Depuis le référendum, la presse allemande a fait preuve d'une rare unanimité. Tous les journaux veulent qu'Angela Merkel, la chancelière allemande, et ses collègues européens prennent des initiatives pour organiser le Grexit (sortie de la Grèce de la zone euro). On y observe un ras-le-bol général des Allemands face à Athènes.

Depuis le début de la crise grecque, la presse allemande s'en prend au gouvernement Tsipras. La raison ? Elle estime que le premier ministre grec, Alexis Tsipras, a toujours désiré la sortie de son pays de la zone euro. Et n'aurait négocié que dans l'unique but de ménager ses concitoyens.

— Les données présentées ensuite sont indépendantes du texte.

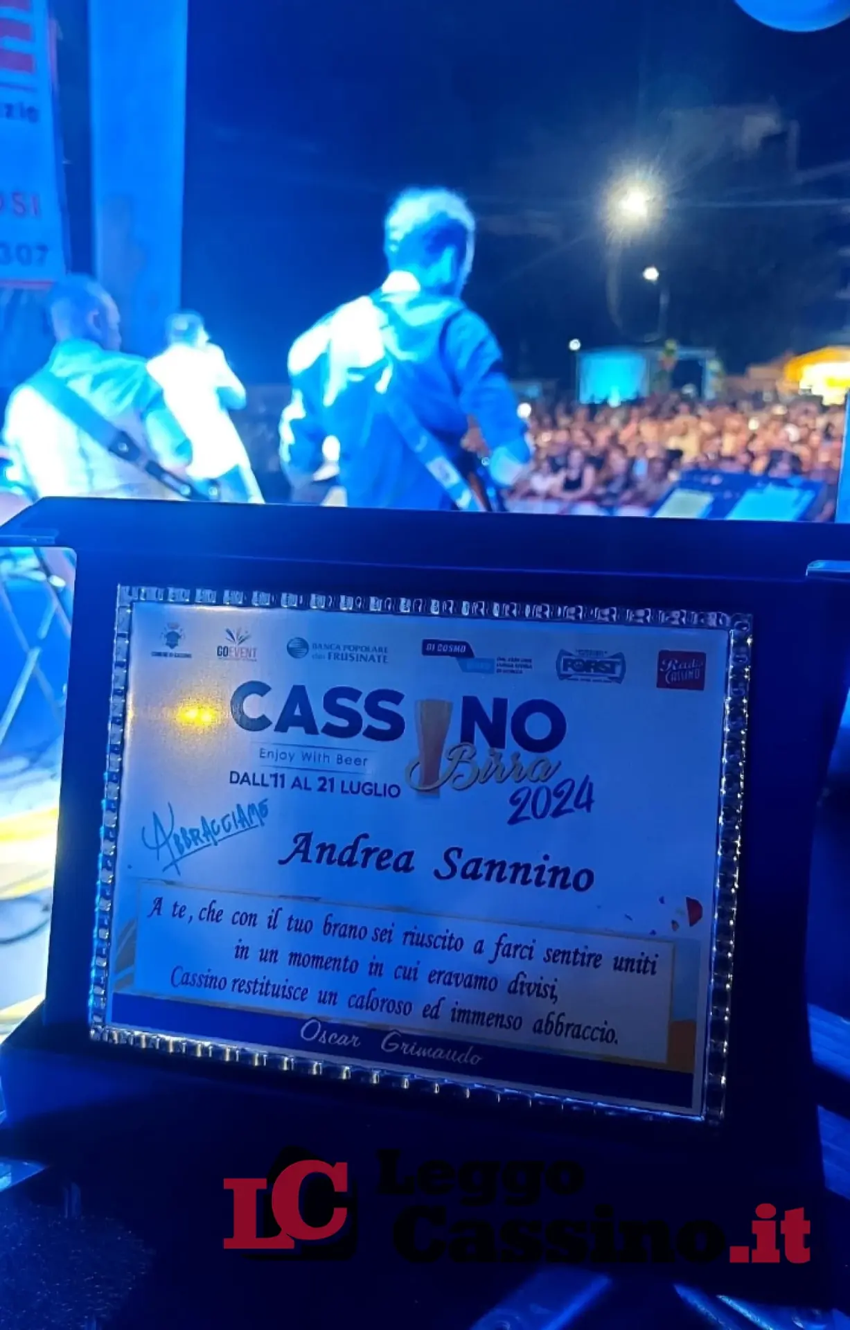 Ieri invece in Campo Miranda si è esibito il cantautore Andrea Sannino che ha incantato la piazza stracolma con i suoi bellissimi brani musicali. L’organizzatore di Cassino Birra, Oscar Grimaudo ha donato al famosissimo cantante una targa con la seguente scritta: “A te, che con il tuo brano sei riuscito a farci sentire uniti in un momento in cui eravamo divisi, Cassino restituisce un caloroso ed immenso abbraccio”.

Aujourd'hui, la chancelière allemande est tiraillée. D'un côté, elle veut assurer sa politique européenne, de l'autre, elle doit faire face à l'opinion publique, de plus en plus remontée contre Athènes. Angela Merkel a fait de la crise grecque l'une des pierres de touche de son troisième mandat à la tête de l'Allemagne. Doit-elle faire preuve de fermeté comme le voudrait le peuple allemand et donc lâcher la Grèce ? C'est là, tout l'enjeu qui pèse sur elle. Elle ne veut pourtant pas porter la responsabilité d'une sortie de la Grèce de la zone euro. Un Grexit signifierait un échec de sa politique européenne.

Durant les jours qui ont suivis le résultat du référendum, les titres des journaux allemands n'ont pas épargné Angela Merkel, renforçant encore un peu plus la pression mise sur ses épaules.

Le quotidien allemand, Bild Zeitung, annonce directement la couleur. A la une, on voit Angela Merkel coiffée d'un casque à pointe avec la légende "Pas de nouveaux milliards pour la Grèce ! Aujourd'hui, nous avons besoin d'une chancelière de fer".

© Bild Zeitung

"C'est leur naufrage que fêtent les Grecs ?" s'interroge Bild Zeitung. Le journal, qui opère depuis des mois une féroce campagne anti-grecque rajoute "Les banques sont fermées, les soupes populaires ouvertes et les Grecs font la fête ! Ce 'non' est une claque pour Angela Merkel qui a consacré d'innombrables heures à des sommets nocturnes pour tenter jusqu'au bout de sauver la Grèce".

Bild Zeitung, toujours, s'est directement adressé à Angela Merkel en titrant "Et maintenant chancelière?". Un titre qui résonne comme un défi.

A la Une du Spiegel, une hebdomadaire allemand d'investigation, on voit la chancelière assise sur les ruines du Parthénon et la phrase suivante "Si l'Europe échoue, c'est Merkel qui échoue".

Pour le quotidien conservateur, Die Welt, le 'non' est une défaite pour la chancelière allemande. Le journal écrit "La Grèce a décidé. L’Europe a perdu. Cela vaut aussi pour Angela Merkel, la femme dont l’énorme prestige en Allemagne s’explique avant tout parce qu’elle a la réputation d’être une femme politique qui gère habilement les crises internationales, un chef de gouvernement qui réussit à équilibrer les intérêts allemands et ceux des autres. Dans le cas d’Alexis Tsipras, elle n’a pas réussi."

Seul le quotidien alternatif Taz soutient la Grèce. Il qualifie d'ailleurs le 'non' grec de "sensation qui restera dans l'histoire, même si l'avenir est incertain".